(Exercise inputs):
####

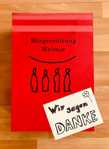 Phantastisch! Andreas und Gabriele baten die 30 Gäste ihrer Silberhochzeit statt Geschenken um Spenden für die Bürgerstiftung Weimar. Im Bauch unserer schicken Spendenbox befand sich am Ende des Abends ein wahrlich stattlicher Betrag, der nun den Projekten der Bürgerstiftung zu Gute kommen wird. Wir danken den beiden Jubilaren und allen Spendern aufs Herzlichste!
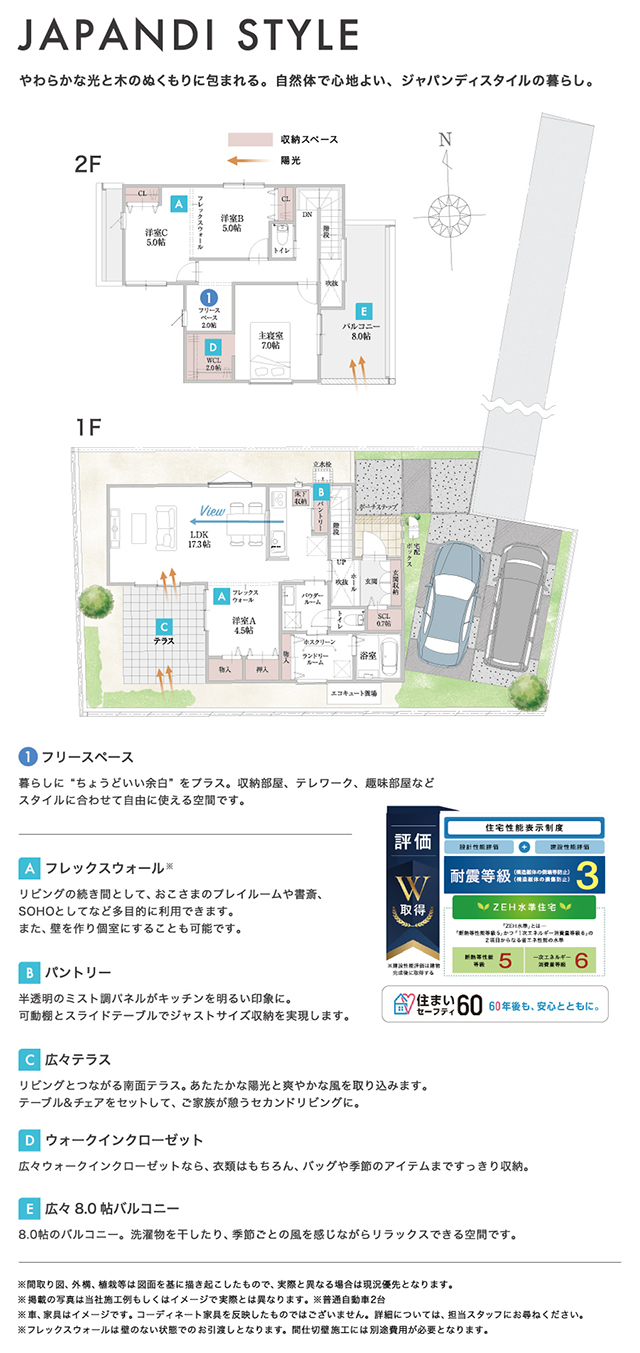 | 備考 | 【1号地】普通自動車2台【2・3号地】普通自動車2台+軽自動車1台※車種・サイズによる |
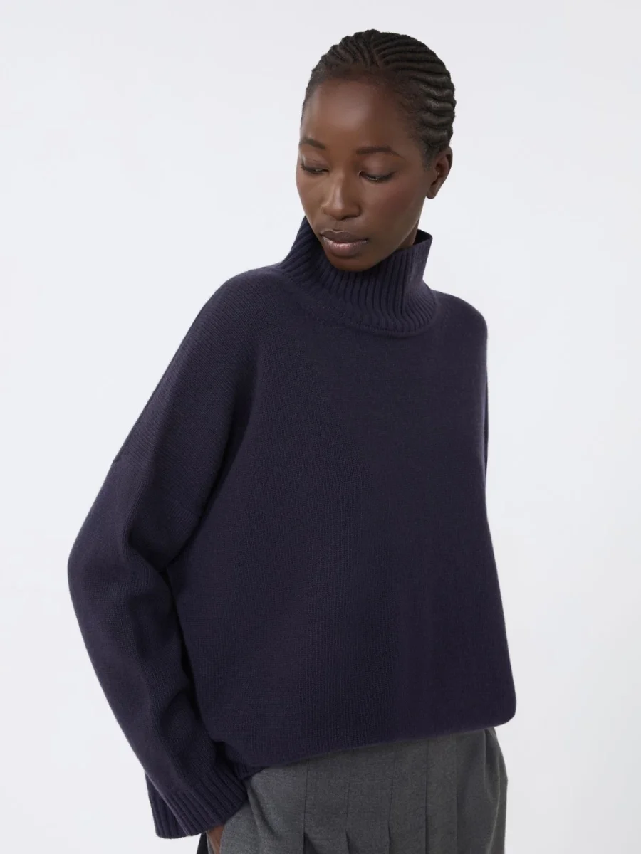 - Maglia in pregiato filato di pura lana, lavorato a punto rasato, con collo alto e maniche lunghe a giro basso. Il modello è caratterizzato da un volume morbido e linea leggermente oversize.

####

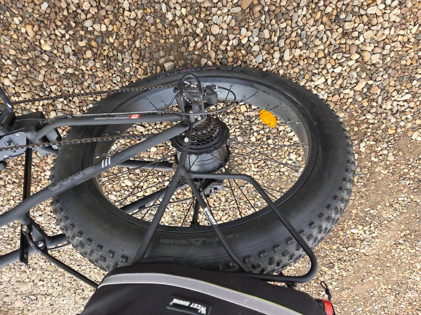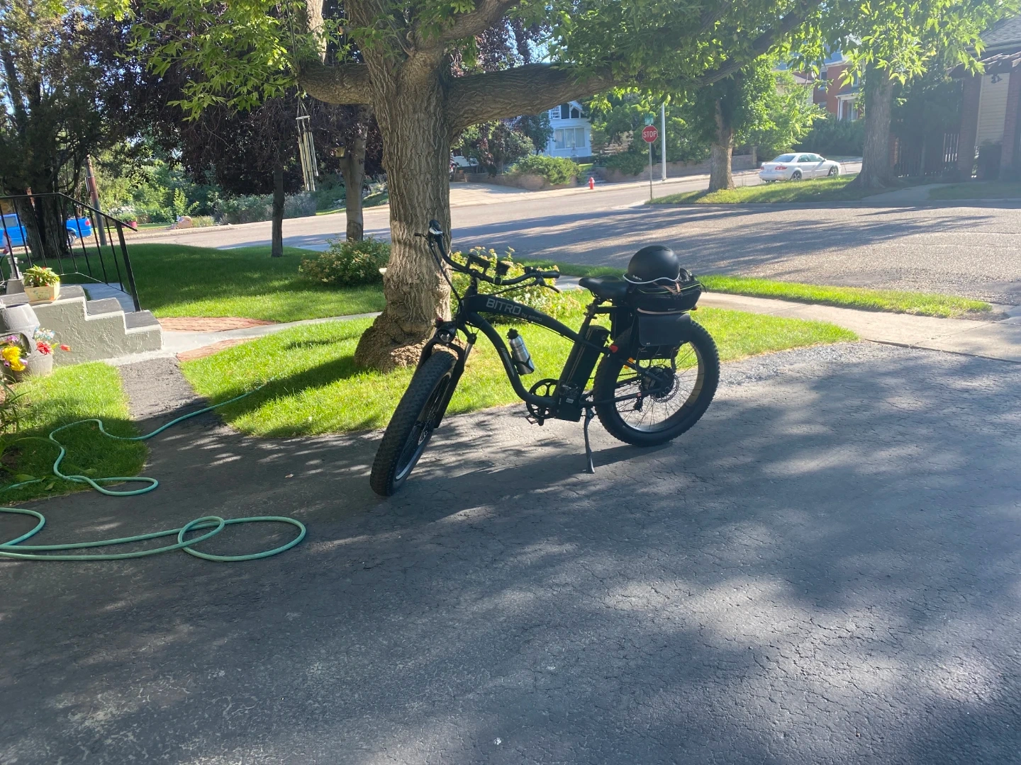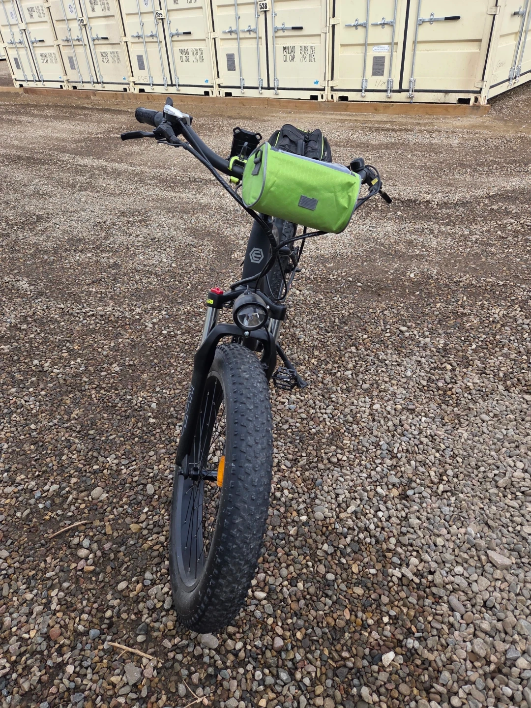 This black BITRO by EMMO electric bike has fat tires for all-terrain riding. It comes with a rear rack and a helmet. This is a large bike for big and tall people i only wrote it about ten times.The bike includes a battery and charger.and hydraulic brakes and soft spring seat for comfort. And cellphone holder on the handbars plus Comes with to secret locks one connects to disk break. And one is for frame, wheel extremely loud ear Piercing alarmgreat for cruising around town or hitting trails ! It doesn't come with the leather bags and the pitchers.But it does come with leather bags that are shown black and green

####

(Your instructions):
Here the job is to copy the listing above word for word, starting at the line with "Phantastisch! Andreas und" and ending at the line with "- Maglia in", and to leave out the pictures.

(Your response):
 Phantastisch! Andreas und Gabriele baten die 30 Gäste ihrer Silberhochzeit statt Geschenken um Spenden für die Bürgerstiftung Weimar. Im Bauch unserer schicken Spendenbox befand sich am Ende des Abends ein wahrlich stattlicher Betrag, der nun den Projekten der Bürgerstiftung zu Gute kommen wird. Wir danken den beiden Jubilaren und allen Spendern aufs Herzlichste!
 | 備考 | 【1号地】普通自動車2台【2・3号地】普通自動車2台+軽自動車1台※車種・サイズによる |
 - Maglia in pregiato filato di pura lana, lavorato a punto rasato, con collo alto e maniche lunghe a giro basso. Il modello è caratterizzato da un volume morbido e linea leggermente oversize.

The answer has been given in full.